→ GIVEN INFORMATION:
+ + + + +
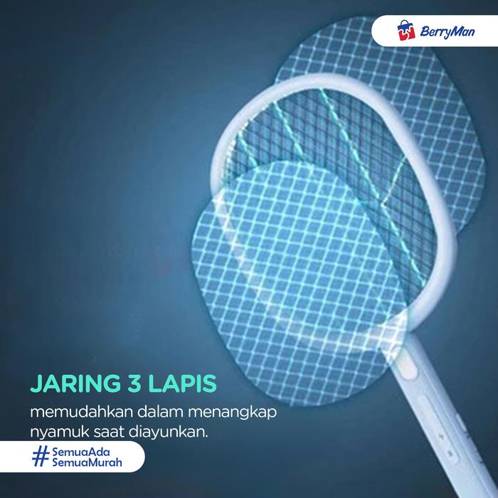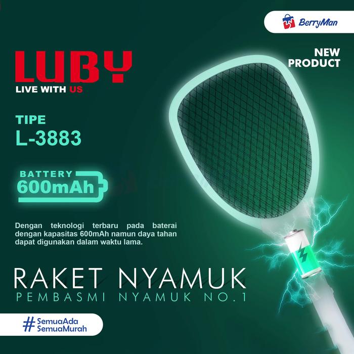 Luby Raket Nyamuk Elektrik L-3885 Rechargeable Lampu Led Indikator & Jaring 3 Lapis Anti Nyamuk Efektif Awet - L-3882
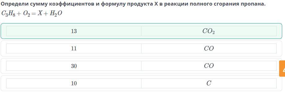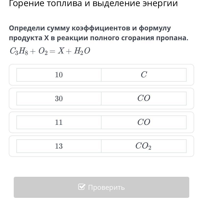 продукта X в реакции полного сгорания пропана.
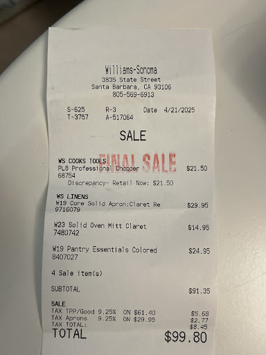 Read moreI had a very unpleasant interaction with an employee at this location yesterday, April 21, 2025. I was there to purchase a gift for my mother’s birthday in the afternoon around 3 pm. I gathered up several items and brought them to the front to purchase, including a PLB Professional Chopper. The chopper was tagged at $21.50. When my items were being rung up she scanned the chopper in at $74.99. I said that is incorrect, as it is priced at $21.50. She said no, that is not the price and continued to scratch off the tag as if I had placed a tag over the actual price. I was a little irritated by her implication and her refusal to honor the marked price. I suggested that we go back and look at the other boxes to double check and we did. She seemed to be extremely upset when she realized that every single box was marked at $21.50. She walked hastily back to the register and honored the price but was extremely rude to me prior to the end of the transaction. She was very condescending at this point and told me this will be a final sale and stamped my receipt with a big red final sale seal. She was not pleasant at all and did not thank me for stopping in. It was very awkward as there were other employees around. I have been coming here for years and have had such a negative experience. I don’t think this employee should be a representative of Williams-Sonoma. I believe an apology for her abhorrent behavior...
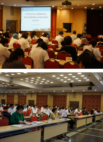 为深入贯彻落实十八大以来党中央反腐倡廉的新精神,按照上级要求,北京大学人民医院于2017年2月13日下午举行了《落实党风廉政建设主体责任承诺书》签字仪式。医院党政领导班子全体成员、各临床、医技科室主任、行政处室主任(处长)和党支部书记参加了签字仪式。签字仪式由党委院长办公室韩娜主任主持。
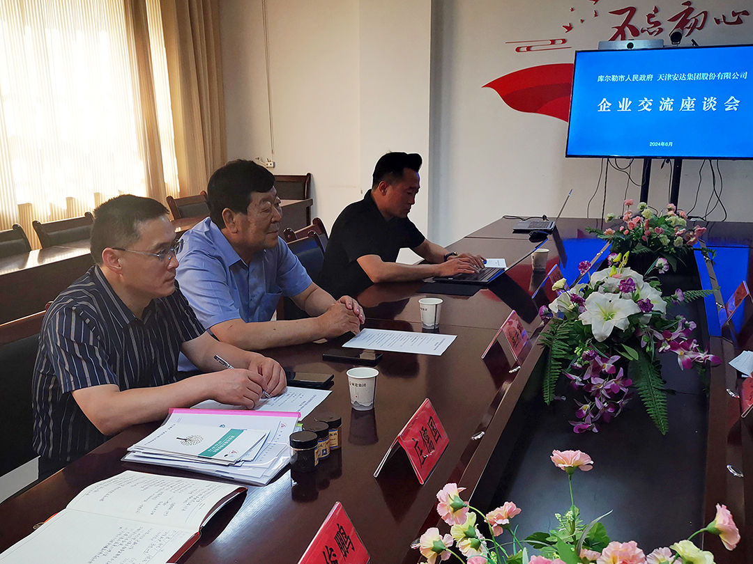 當天下午,庫爾勒市政府副市長(cháng)楊松波、庫爾勒市商務(wù)和工業(yè)信息化局黨組書(shū)記、副局長(cháng)王偉,庫爾勒市退役軍人事務(wù)局、市容環(huán)衛事務(wù)中心、商工局、上庫高新產(chǎn)業(yè)技術(shù)開(kāi)發(fā)區分管領(lǐng)導與安達集團黨委書(shū)記、董事長(cháng)崔洪金,安達集團董事長(cháng)助理王俊鵬,安達集團分公司天津鴻達精工機械有限公司經(jīng)理莊儒國以及財金城倉(庫爾勒)環(huán)??萍加邢薰靖笨偨?jīng)理吳江濤共同參加座談會(huì )。
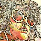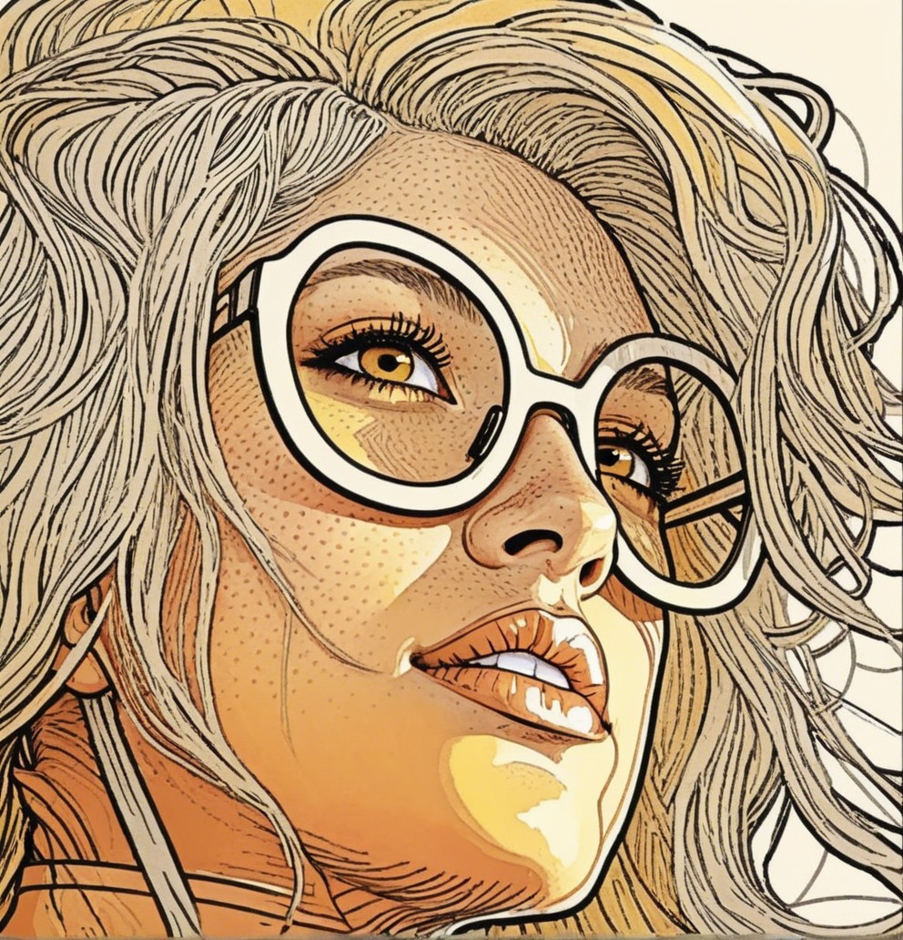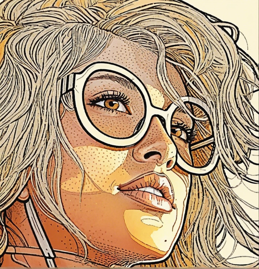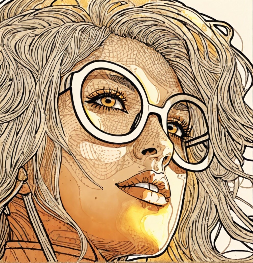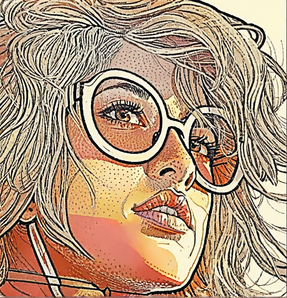 A stylish portrait of a woman with wavy hair, wearing large round glasses. The artwork features bold lines and vibrant colors, capturing a confident and artistic expression.
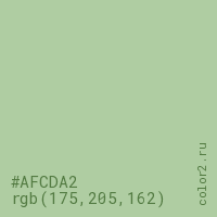 Цвет #AFCDA2 в цветовой модели RGB обозначается тремя октетами (175, 205, 162) в десятичном формате и #AFCDA2 в шестнадцатиричном (hex) формате, которые являются интенсивностью красного 175 (hex AF), интенсивность зелёного 205 (hex CD) и интенсивность синего 162 (hex A2).
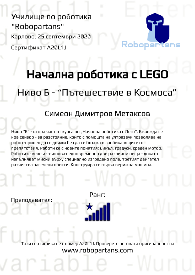 Retiffy certificate A20L1J issued to Симеон Димитров Метаксов from template Robopartans with values,rank:8,city:Карлово,date:25 септември 2020 ,name:Симеон Димитров Метаксов
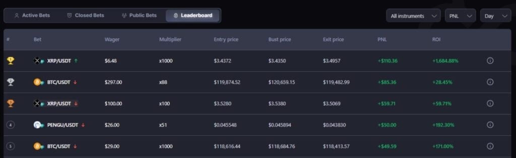 Once inside, users can access the “Crypto Futures” tab and place ETH wagers with up to 1000x multipliers. This high-exposure format appeals to those seeking fast-paced, speculative plays.
+ + + + +
→ TASK: Begin at the first line of the material and copy each line exactly through the one containing "продукта X в". Omit pictures.

→ REPLY TO THE TASK:
 Luby Raket Nyamuk Elektrik L-3885 Rechargeable Lampu Led Indikator & Jaring 3 Lapis Anti Nyamuk Efektif Awet - L-3882
 продукта X в реакции полного сгорания пропана.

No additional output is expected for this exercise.